─── Supplied entries

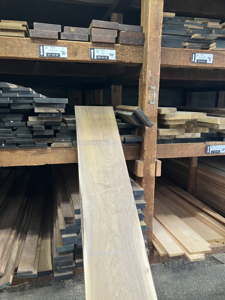 At the wood shop I picked out a beautiful board of Walnut with an eye that would become part of the seat.
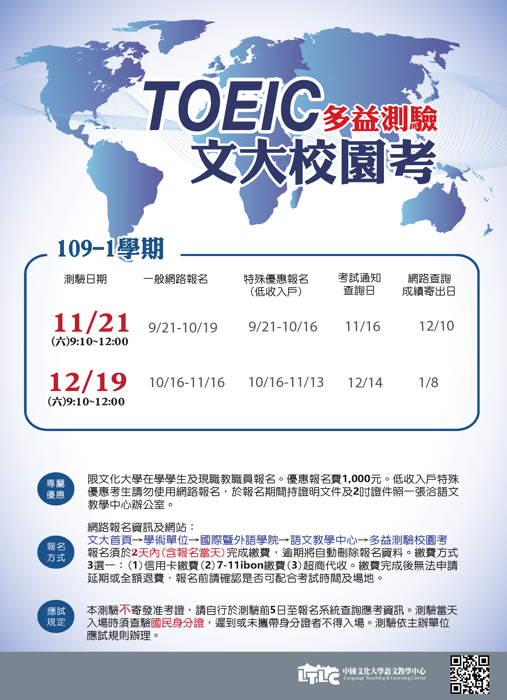 公告109學年第一學期TOEIC多益測驗文大校園報名至11/16截止。 公告109學年第一學期TOEIC多益測驗文大校園報名至11/16截止。 https://ap2.pccu.edu.tw/pccupost/post/content.asp?Num=2020911124238772 2020-11-04 11:51:41 By zly8 查看所有公告
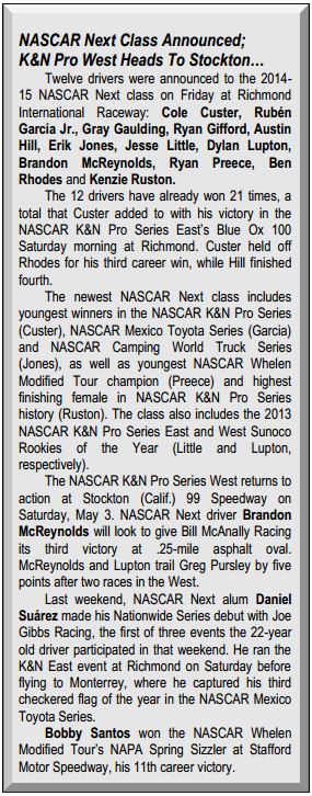 Blaney has three wins in national series competition. In addition to his Nationwide Series win at Kentucky last year, the 20-year-old driver has picked up truck series wins at Pocono (2013) and Iowa (2012).
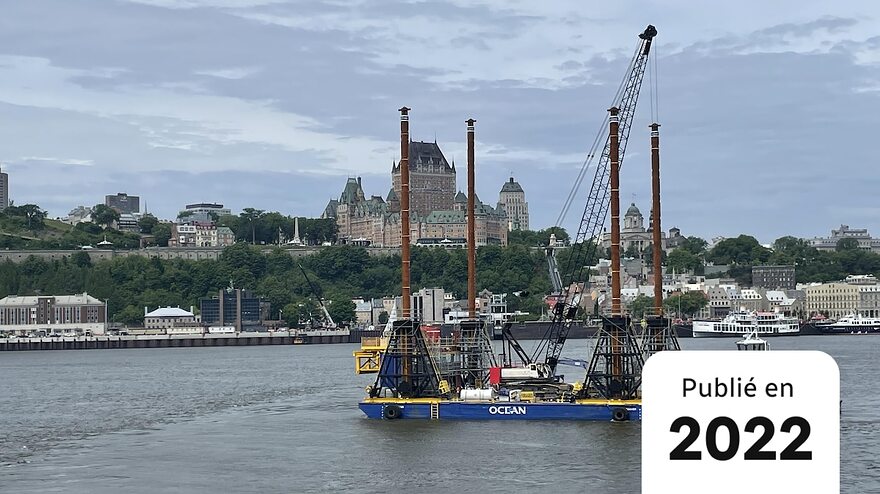 Une plateforme de forage fait des prélèvements dans le fond du fleuve Saint-Laurent pour documenter la qualité des sols en vue de la construction du tunnel Québec-Lévis.
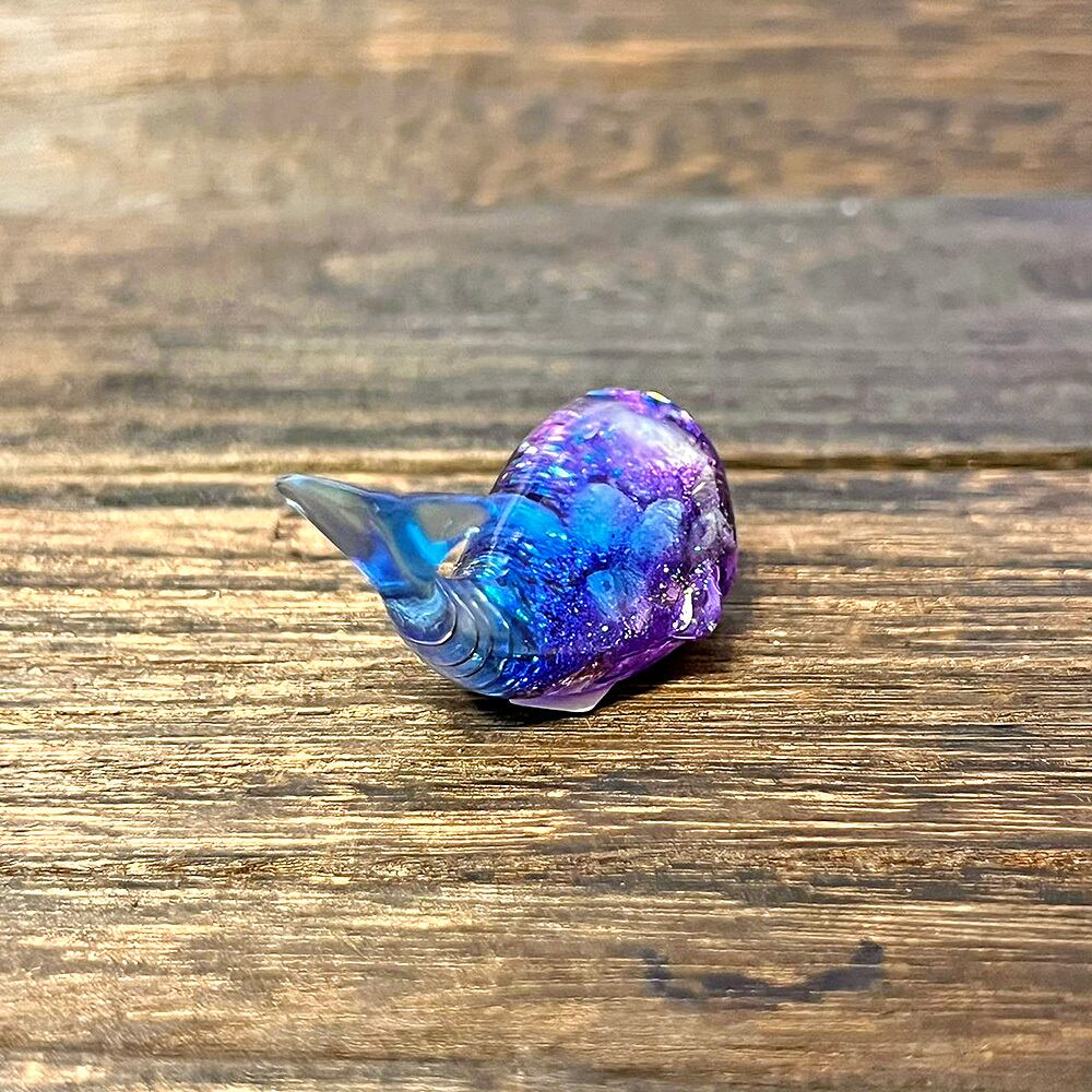 一点一点、天然石の配置やレジンに閉じ込めた素材などが異なり、世界に一つだけの作品です。深海の神秘を表現するため、青を基調としつつも、天然石の色や光によって様々な表情を見せます。まるで海中を泳ぐクジラが、その時々で違う表情を見せてくれるように。
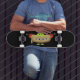 Cachorro Quente o homem é feito com um esfregão frito profundo em um pão fresco quente, com uma cabeça e calçados verdes e apimentados. Ele é destemido e confiante e mostra com seu sorriso "IMA HOT DOG".
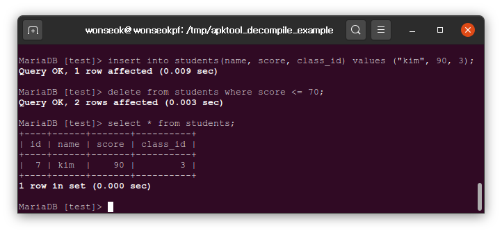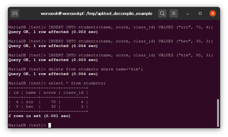 우리가 원하던 결과처럼 "kim" 학생의 데이터만 삭제된 것을 알 수 있었습니다.
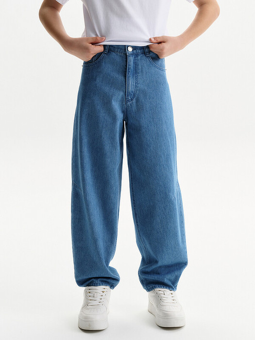 Джинсы Багги из плотного денима.Пояс застежкой на пуговицу и петлю.Джинсы с функциональным гульфиком,
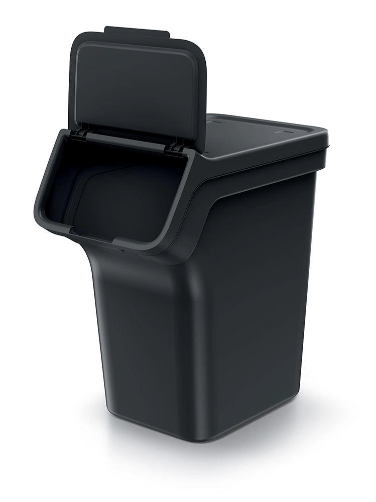 L’ouverture frontale basculante permet un dépôt rapide, tandis que le couvercle supérieur offre un accès facile au contenu. Une fois entièrement ouvert, le couvercle reste en position.
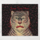 Este rótulo de garrafa de cerveja personalizado tem a cabeça de um tigre asiático listrado castanho e preto com uma cara de aspecto feroz e traçado em vermelho num fundo preto com pontos vermelhos. Personalize seu texto com o modelo.
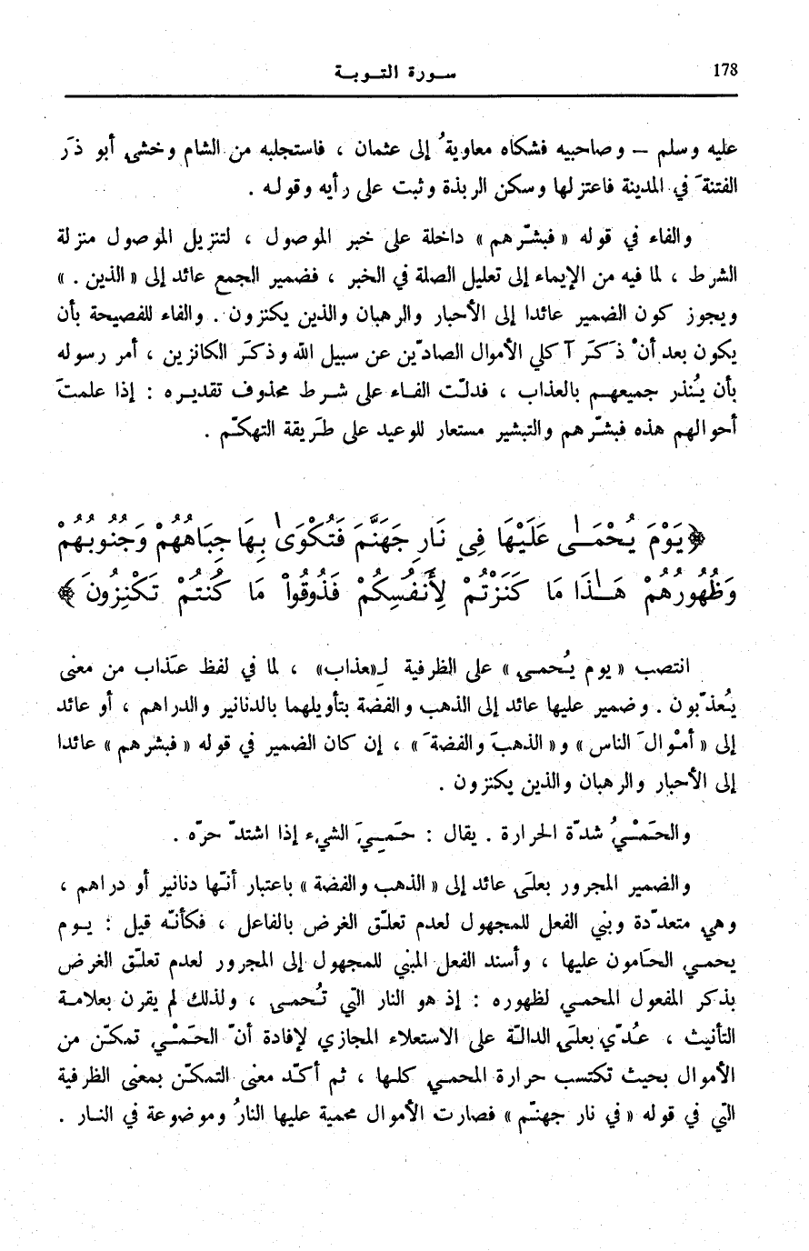 انْتَصَبَ يَوْمَ يُحْمى على الظَّرْفِيَّة لعذاب [التَّوْبَة: 34] ، لِمَا فِي لَفْظِ عَذَابٍ مِنْ مَعْنَى يُعَذَّبُونَ. وَضَمِيرُ عَلَيْها عَائِدٌ إِلَى الذَّهَبَ وَالْفِضَّةَ [التَّوْبَة: 34] بِتَأْوِيلِهِمَا بِالدَّنَانِيرِ وَالدَّرَاهِمِ، أَوْ عَائِدٌ إِلَى أَمْوالَ النَّاسِ [التَّوْبَة: 34] والذَّهَبَ وَالْفِضَّةَ [التَّوْبَة: 34] ، إِنْ كَانَ الضَّمِيرُ فِي قَوْله: فَبَشِّرْهُمْ [التَّوْبَة: 34] عَائِدًا إِلَى الْأَحْبارِ وَالرُّهْبانِ والَّذِينَ يَكْنِزُونَ [التَّوْبَة: 34] .

──────

■ Exercise brief:
Your answer must be the lines above from the one holding "L’ouverture frontale basculante" up to and including the one holding "Este rótulo de", exact and with no pictures.

■ Answer box:
 L’ouverture frontale basculante permet un dépôt rapide, tandis que le couvercle supérieur offre un accès facile au contenu. Une fois entièrement ouvert, le couvercle reste en position.
 Este rótulo de garrafa de cerveja personalizado tem a cabeça de um tigre asiático listrado castanho e preto com uma cara de aspecto feroz e traçado em vermelho num fundo preto com pontos vermelhos. Personalize seu texto com o modelo.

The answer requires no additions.